• PROBLEM STATEMENT
Using the records that follow, reproduce exactly the lines starting at the line containing "2,3 x 2,5 m" and ending at the line containing "Với kết quả". Include both end lines and no pictures.

Start of INFORMATION SHOWN

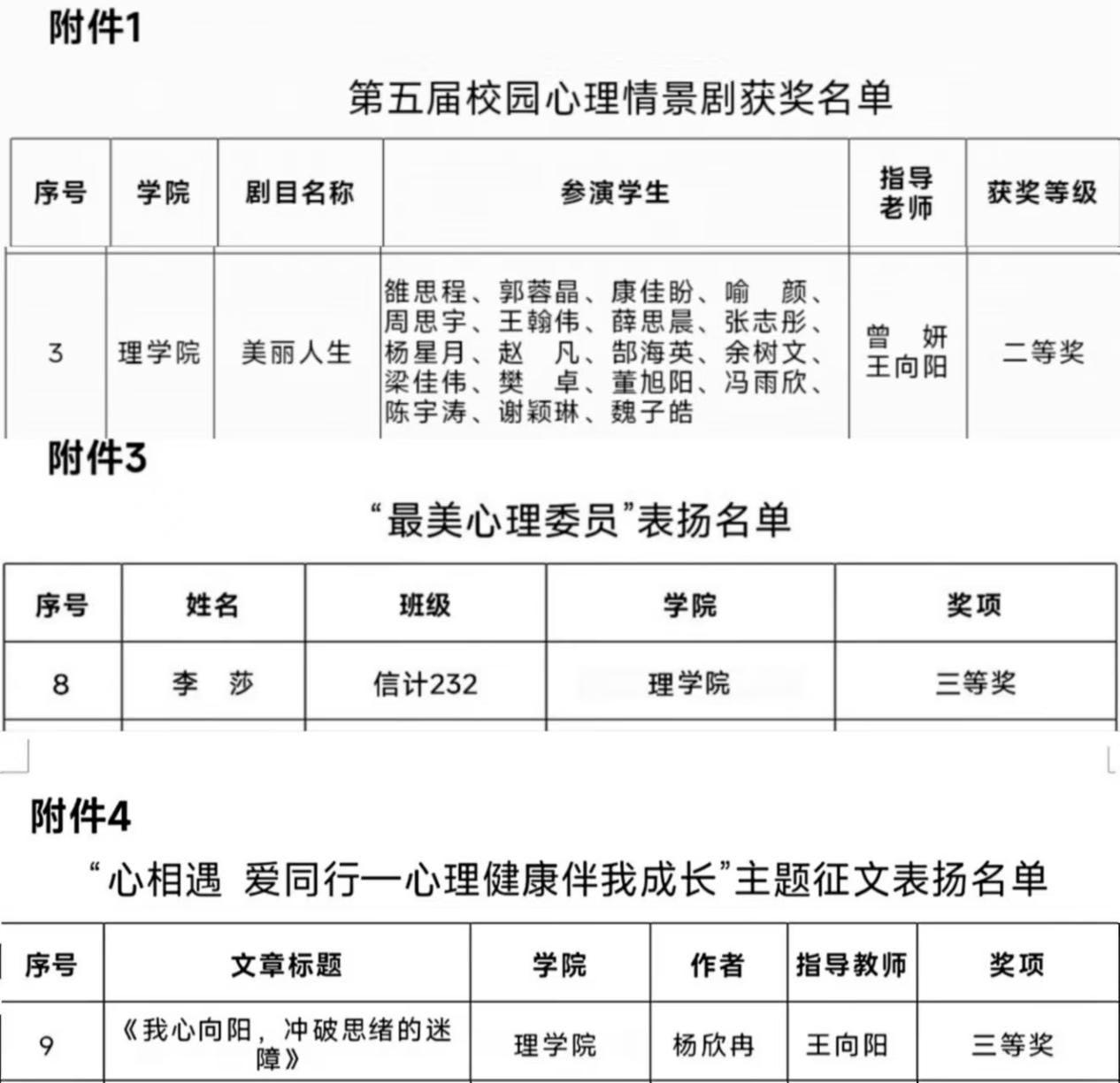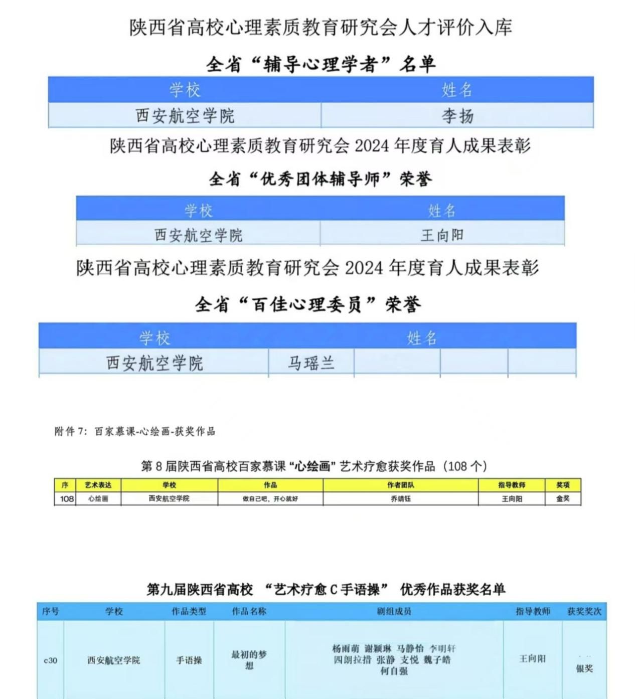 李扬入选陕西省高校心理素质教育研究会人才评价库,并获得全省“辅导心理学者”荣誉、王向阳获得全省“优秀团体辅导师”荣誉、马瑶兰同学获得全省“百佳心理委员”荣誉、乔靖钰同学创作的作品《做自己吧,开心就好》荣获全省“心绘画”艺术疗愈作品金奖、手语操《最初的梦想》荣获全省“艺术疗愈C手语操”作品银奖。心理剧《美丽人生》荣获学校第五届校园心理情景剧二等奖、李莎同学荣获学校“最美心理委员”、杨欣冉同学荣获学校“心相遇 爱同行—心理健康伴我成长”主题征文三等奖。
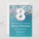Invitation de 8e anniversaire Parties scintillant Turquoise et argent Invitation de 8e anniversaire pour un enfant de 8 ans avec écriture de script moderne et ballons de papier amusant.
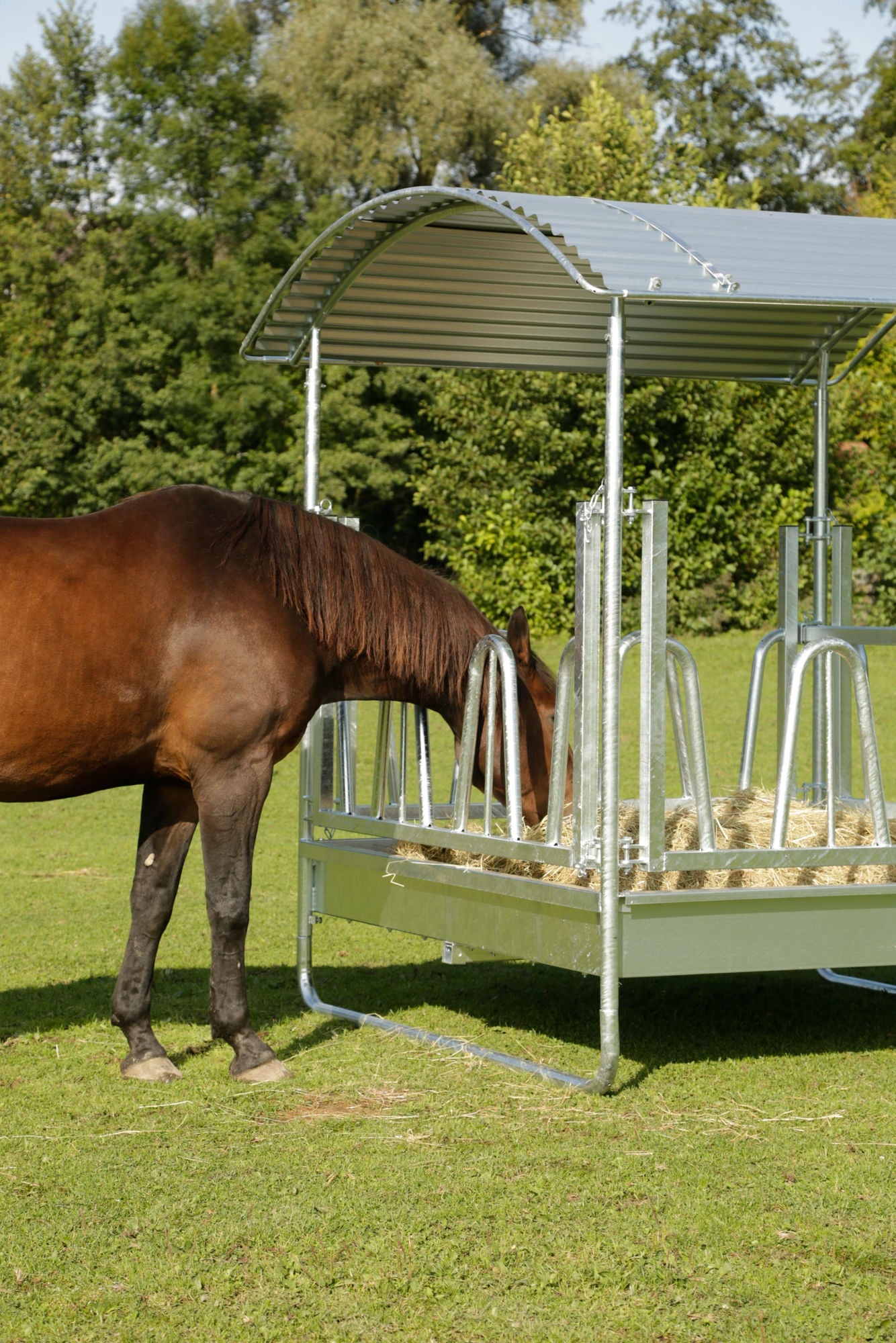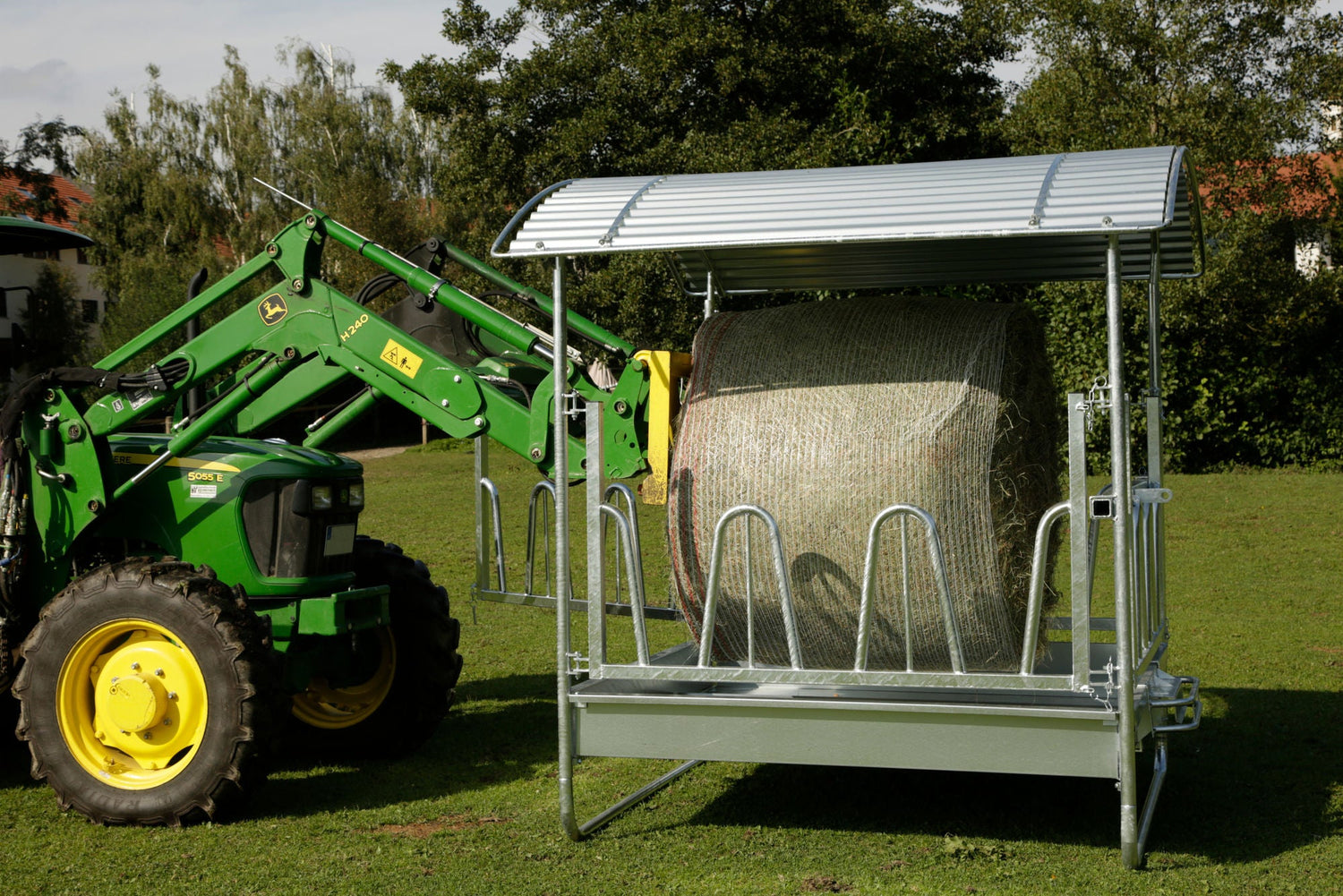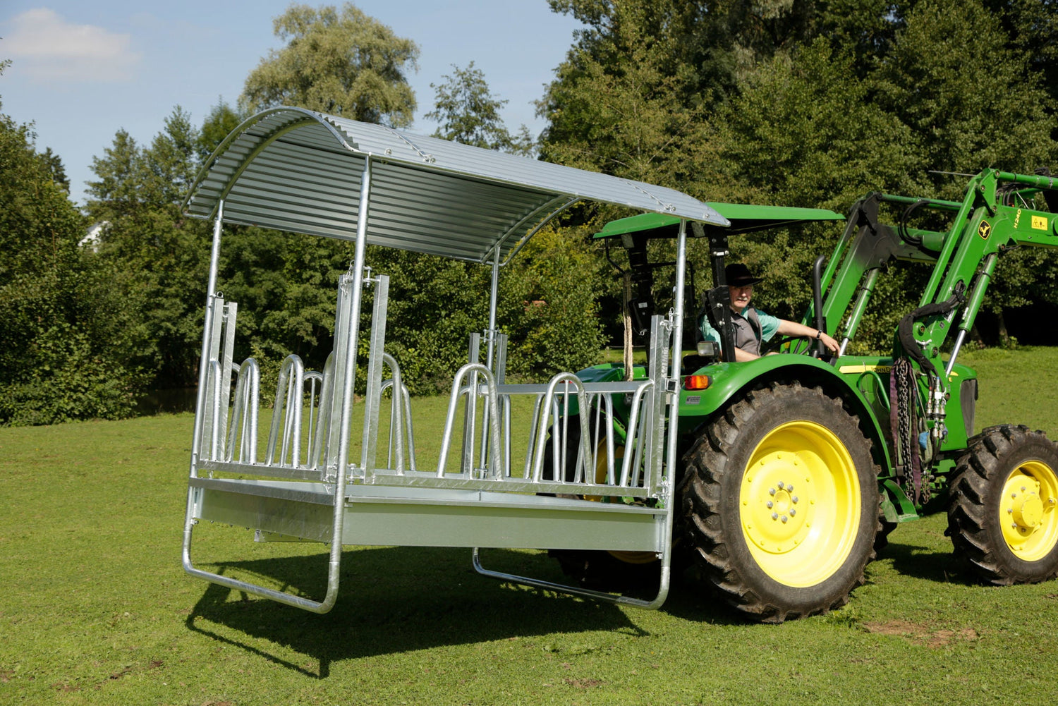 • 12 Fressplätze • geeignet für Rund- und Rechteckballen bis 1,8 m Länge bzw. Durchmesser • 1 Vierkantrohr-Unterzug • feuerverzinkt • zum Befüllen können 2 Seiten einfach geöffnet werden • höhenverstellbare Kufen (Anpassung an die Tiergröße) • Dreipunktanhängung • sehr geringe Futterverluste • Lieferung als Bausatz inkl. umlaufender Dachkantenschutz, Dreipunkt-Schutzbügel • Wannenabmessung innen: ca. 1,9 x 1,9 m • Abmessungen komplett L x B x H: 2,3 x 2,3 x 2,5 m
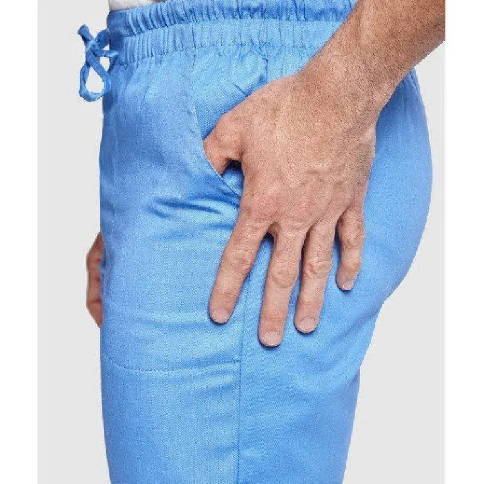 Pantaloni lunghi unisex a taglio dritto, con girovita elastico e cinturino regolabile, dotati di tasche francesi.
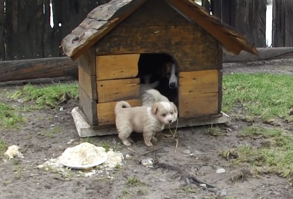 犬さん家族が住む小屋の前に置かれたゴハンと、 それを狙っているアヒルさんたち。 家族のゴハンを取られちゃ困る!と、子犬さんが ひとりで勇敢に立ち向かいますが... やっぱりちょっと怖い〜。 途中で兄弟が小屋から出てきて、 加勢してくれるかと思いき... -
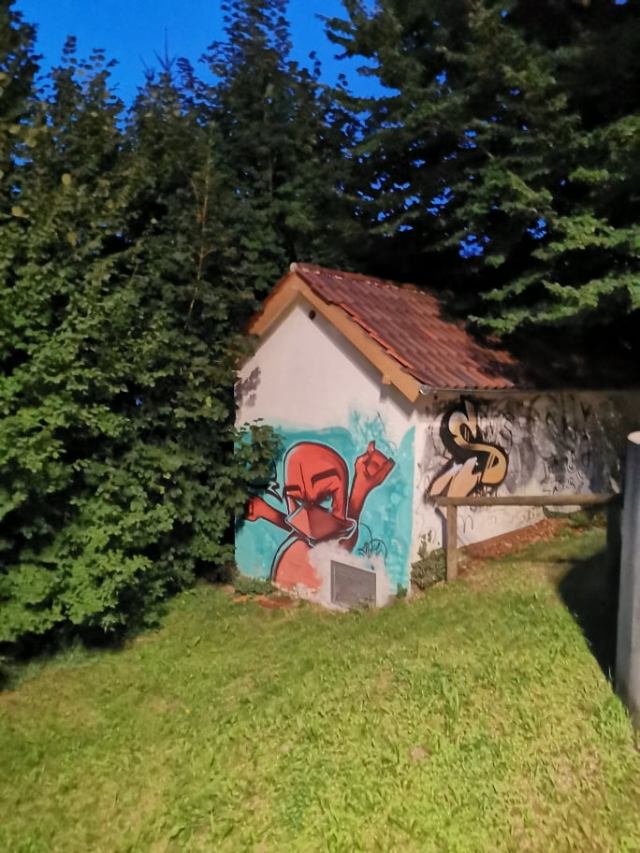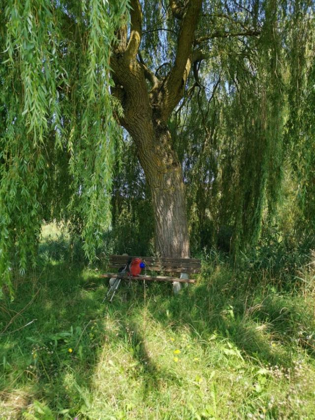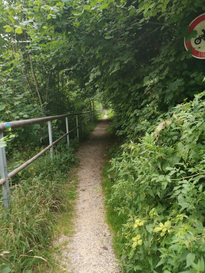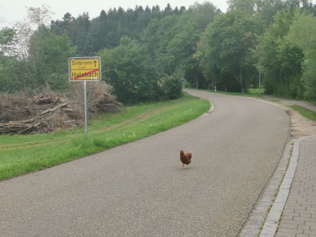 Etter 5 km stoppet jeg på en REWE-butikk og kjøpte meg en cola. Spiste maten jeg hadde tatt med fra hotellet, et smørbrød og et egg. I dag var jeg litt i form til prating og klarer faktisk å holde en samtale på et visst nivå på tysk. Været, vandringen, sivilstatus. Faktisk en fordel å ikke kunne mere tysk for da blir det med dette, fritt for følerier og politikk etc.
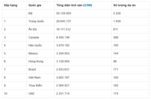 Với kết quả này, Việt Nam xếp thứ 8 trong bảng xếp hạng các quốc gia và vùng lãnh thổ ngoài Hoa Kỳ về tổng diện tích công trình đạt chứng nhận LEED trong năm.
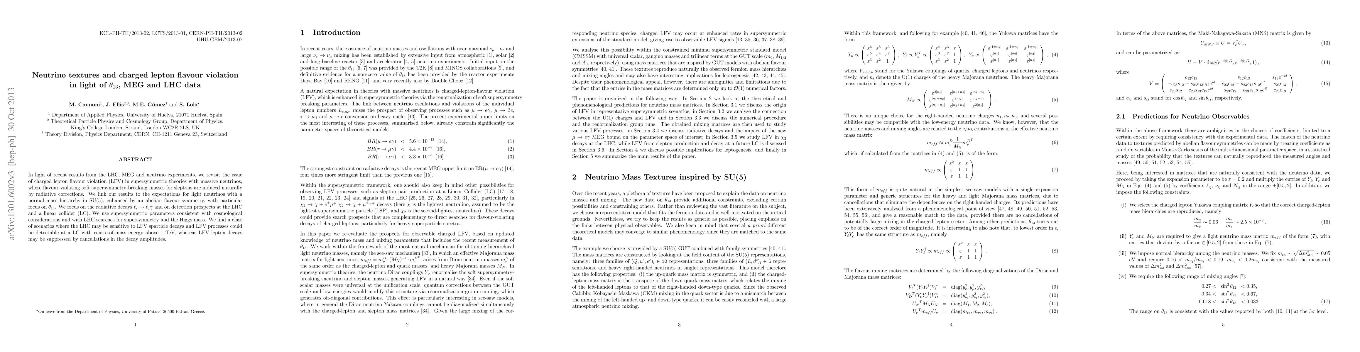 In light of recent results from the LHC, MEG and neutrino experiments, we revisit the issue of charged lepton flavour violation (LFV) in supersymmetric theories with massive neutrinos, where flavour-violating soft supersymmetry-breaking masses for sleptons are induced naturally by radiative corrections. We link our results to the expectations for neutrino mixing angles in SU(5) enhanced by an abelian flavour symmetry, with particular focus on $\theta_{13}$. We focus on the radiative decays $\ell_i \rightarrow \ell_j \gamma$ and on detection prospects at the LHC and a linear collider (LC). We use supersymmetric parameters consistent with cosmological considerations and with LHC searches for supersymmetry and the Higgs mass. We find a class of scenarios where the LHC may be sensitive to LFV sparticle decays and LFV processes could be detectable at a LC with centre-of-mass energy above 1 TeV, whereas LFV lepton decays may be suppressed by cancellations in the decay amplitudes.

End of INFORMATION SHOWN

• FINAL ANSWER
 • 12 Fressplätze • geeignet für Rund- und Rechteckballen bis 1,8 m Länge bzw. Durchmesser • 1 Vierkantrohr-Unterzug • feuerverzinkt • zum Befüllen können 2 Seiten einfach geöffnet werden • höhenverstellbare Kufen (Anpassung an die Tiergröße) • Dreipunktanhängung • sehr geringe Futterverluste • Lieferung als Bausatz inkl. umlaufender Dachkantenschutz, Dreipunkt-Schutzbügel • Wannenabmessung innen: ca. 1,9 x 1,9 m • Abmessungen komplett L x B x H: 2,3 x 2,3 x 2,5 m
 Pantaloni lunghi unisex a taglio dritto, con girovita elastico e cinturino regolabile, dotati di tasche francesi.
 犬さん家族が住む小屋の前に置かれたゴハンと、 それを狙っているアヒルさんたち。 家族のゴハンを取られちゃ困る!と、子犬さんが ひとりで勇敢に立ち向かいますが... やっぱりちょっと怖い〜。 途中で兄弟が小屋から出てきて、 加勢してくれるかと思いき... -
 Etter 5 km stoppet jeg på en REWE-butikk og kjøpte meg en cola. Spiste maten jeg hadde tatt med fra hotellet, et smørbrød og et egg. I dag var jeg litt i form til prating og klarer faktisk å holde en samtale på et visst nivå på tysk. Været, vandringen, sivilstatus. Faktisk en fordel å ikke kunne mere tysk for da blir det med dette, fritt for følerier og politikk etc.
 Với kết quả này, Việt Nam xếp thứ 8 trong bảng xếp hạng các quốc gia và vùng lãnh thổ ngoài Hoa Kỳ về tổng diện tích công trình đạt chứng nhận LEED trong năm.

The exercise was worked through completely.